DATA PROVIDED
--

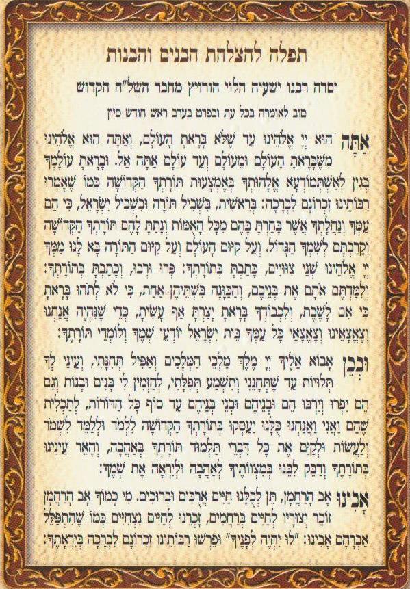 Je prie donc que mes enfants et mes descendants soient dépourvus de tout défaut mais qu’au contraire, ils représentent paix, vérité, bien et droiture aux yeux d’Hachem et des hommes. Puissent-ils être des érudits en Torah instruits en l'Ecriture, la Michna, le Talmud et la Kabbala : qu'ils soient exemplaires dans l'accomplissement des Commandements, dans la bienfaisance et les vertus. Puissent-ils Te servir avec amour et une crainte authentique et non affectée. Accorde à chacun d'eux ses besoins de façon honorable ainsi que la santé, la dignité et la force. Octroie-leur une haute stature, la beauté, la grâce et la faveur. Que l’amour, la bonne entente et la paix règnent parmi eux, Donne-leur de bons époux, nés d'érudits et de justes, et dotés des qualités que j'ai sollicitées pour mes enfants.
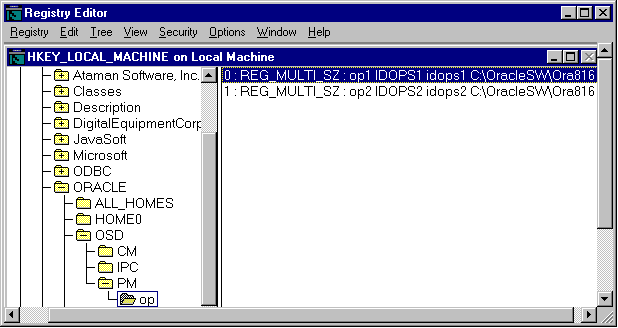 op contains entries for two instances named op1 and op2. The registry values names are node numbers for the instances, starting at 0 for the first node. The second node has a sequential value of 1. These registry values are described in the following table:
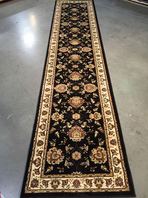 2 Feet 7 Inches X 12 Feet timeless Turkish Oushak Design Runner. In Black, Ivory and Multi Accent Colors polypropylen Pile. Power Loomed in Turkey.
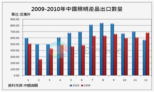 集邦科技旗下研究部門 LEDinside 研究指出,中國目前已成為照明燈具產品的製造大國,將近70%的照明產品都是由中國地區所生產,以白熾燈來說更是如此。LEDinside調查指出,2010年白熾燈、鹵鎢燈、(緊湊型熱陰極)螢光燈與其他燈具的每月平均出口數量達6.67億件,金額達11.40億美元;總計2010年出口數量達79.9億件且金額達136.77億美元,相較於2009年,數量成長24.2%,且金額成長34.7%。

--

Look above for the line containing "op contains entries"; output that line and all lines after it through the last one exactly, without the pictures.

 op contains entries for two instances named op1 and op2. The registry values names are node numbers for the instances, starting at 0 for the first node. The second node has a sequential value of 1. These registry values are described in the following table:
 2 Feet 7 Inches X 12 Feet timeless Turkish Oushak Design Runner. In Black, Ivory and Multi Accent Colors polypropylen Pile. Power Loomed in Turkey.
 集邦科技旗下研究部門 LEDinside 研究指出,中國目前已成為照明燈具產品的製造大國,將近70%的照明產品都是由中國地區所生產,以白熾燈來說更是如此。LEDinside調查指出,2010年白熾燈、鹵鎢燈、(緊湊型熱陰極)螢光燈與其他燈具的每月平均出口數量達6.67億件,金額達11.40億美元;總計2010年出口數量達79.9億件且金額達136.77億美元,相較於2009年,數量成長24.2%,且金額成長34.7%。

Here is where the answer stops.